Key words: assertion, assertiveness training, efficacy, meta-analysis, social anxiety



Social anxiety involves an acute fear of scrutiny or negative judgment by others (Creed & Funder, 1998). Thus, social situations are met with intense anxiety or avoided entirely. The distress caused by social anxiety can have an adverse effect on everyday activities, such as shopping, eating in public, or talking with unfamiliar people (National Institute of Mental Health, 2022). To meet the criteria for social anxiety disorder, an individual must experience persistent marked anxiety in social situations and significant impairment in social, occupational, or other crucial aspects of functioning (American Psychiatric Association, 2013). However, social anxiety likely exists on a spectrum, with many individuals experiencing moderate levels of social anxiety and resultant problems (Dell’Osso et al., 2003), without meeting the criteria for the disorder.

Prevalence of Social Anxiety Problems

Social anxiety develops early in life. Of people with social anxiety disorder, 50% are affected by age 11 (Stein & Stein, 2008). Jefferies and Ungar (2020) found that 23-58% of people aged between 16 and 29 globally met the criteria for social anxiety disorder.

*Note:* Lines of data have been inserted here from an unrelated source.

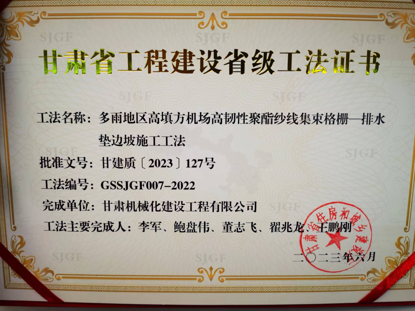 近日,甘肅省住房和城鄉建設廳頒發省級工法證書,我司獲得省級工法榮譽。
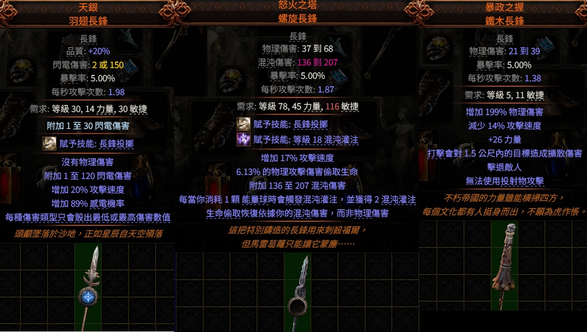 道具 【長鋒、單手武器】 混沌灌注👌天銀.羽翅長鋒、怒火之塔.螺旋長鋒、暴政之握.鐵木 ( 長鋒投擲
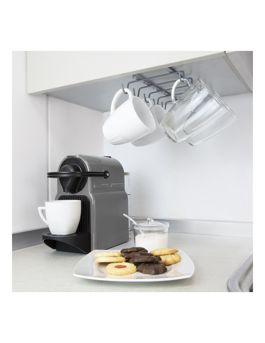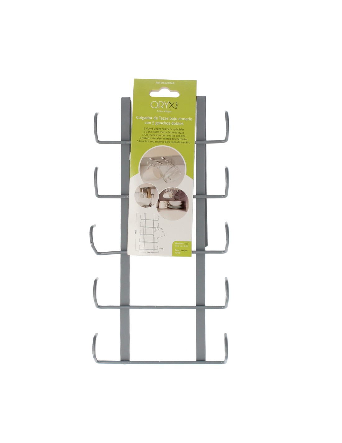 - Puede usarse como 5 ganchos dobles o 10 individuales, logrando un capacidad para 10 tazas.
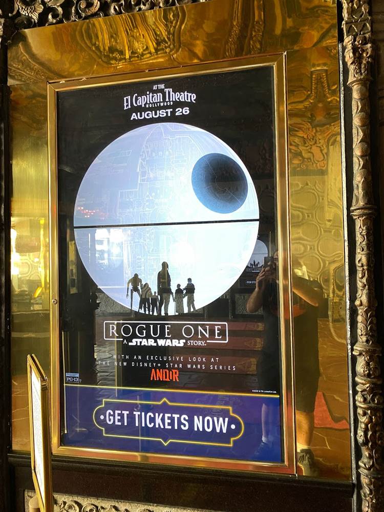 Last week we learned that the smash-hit 2016 film Rogue One: A Star Wars Story would be returning to Hollywood’s El Capitan Theatre for a week and a half, in addition to playing on select IMAX screens around the country. Rogue One originally played at El Capitan during its theatrical release, but has not made a return to this legendary movie house since that time– even during the theater’s Star Wars marathons, which have featured only the “Skywalker Saga" films (AKA Episodes I-IX).
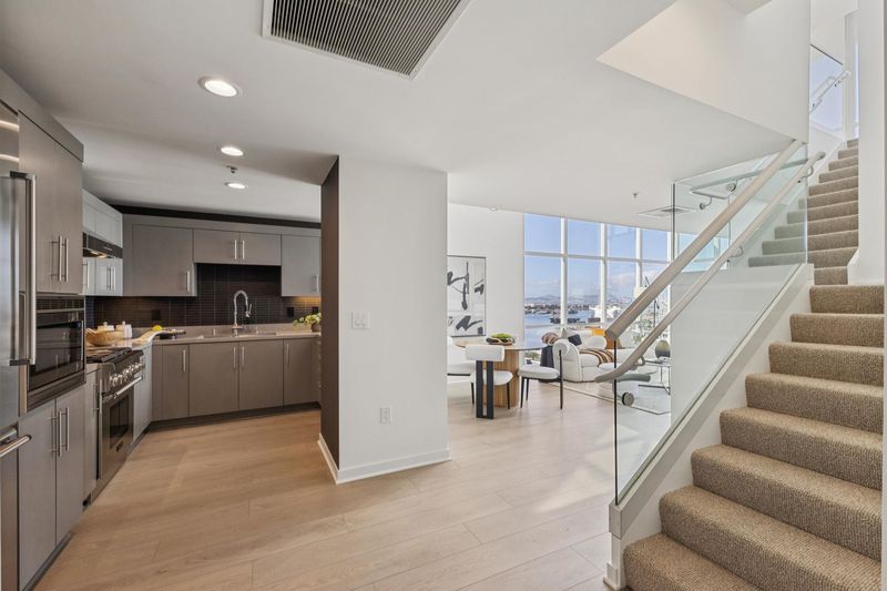 Dramatic two-level penthouse, the absolute jewel of the East Bay luxury condo properties. Two floors of clean, modern architecture, an exterior balcony and an exquisite outdoor living/dining area. Lavish and low-maintenance in a perfect urban space.
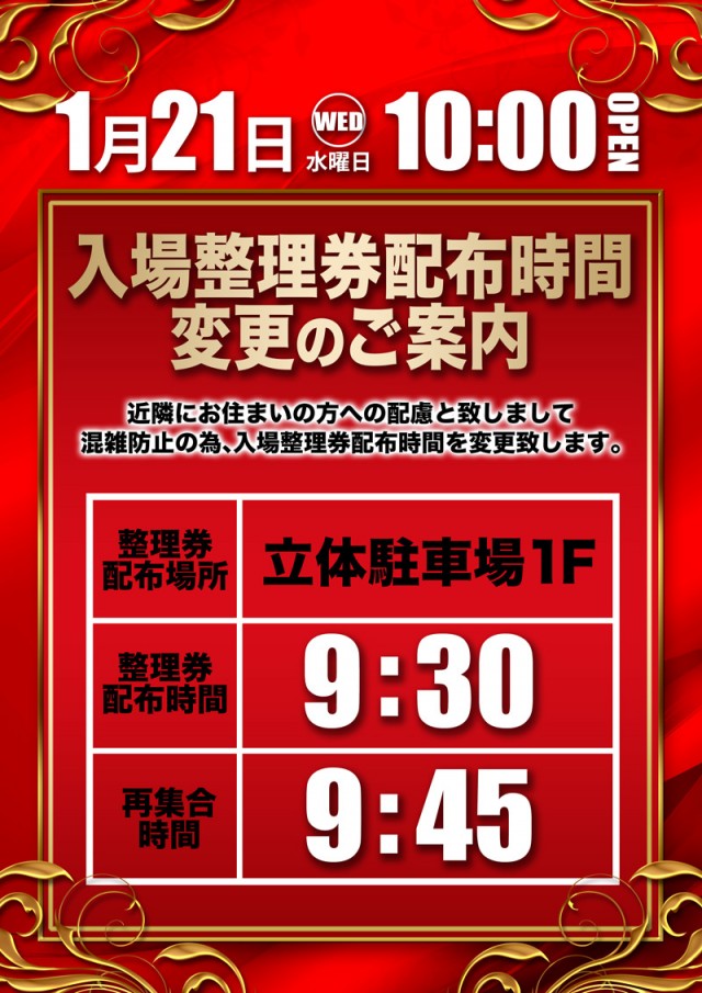 9時45分より整理券配布・抽選開始。※日により変更となる場合がございます。 |

Theories of Social Anxiety   

Several theories have been advanced to explain the causes of social anxiety. Learning theorists propose that social anxiety arises from conditioned responses to social cues (Mattick et al., 1995). Bandura (1982) suggested that individuals learn social anxiety by observing the behavior of others. Attachment theory (Bowlby, 1973) posited that experiences early in life form working models (cognitive schemas) that influence later interactions with others. Secure attachment to caregivers in childhood enables the development of supportive relationships later in life. Conversely, an insecure attachment can result in emotional unavailability and impaired social skills in adulthood (Mallinckrodt & Wei, 2005). Impaired social skills can negatively affect self-esteem, social self-assurance, and assertiveness. These working models influence how social information is received, which then determines emotional and behavioral responses. These emotional and behavioral responses are likely to be reflexive, often without conscious influence or realization (Collins, 1996).           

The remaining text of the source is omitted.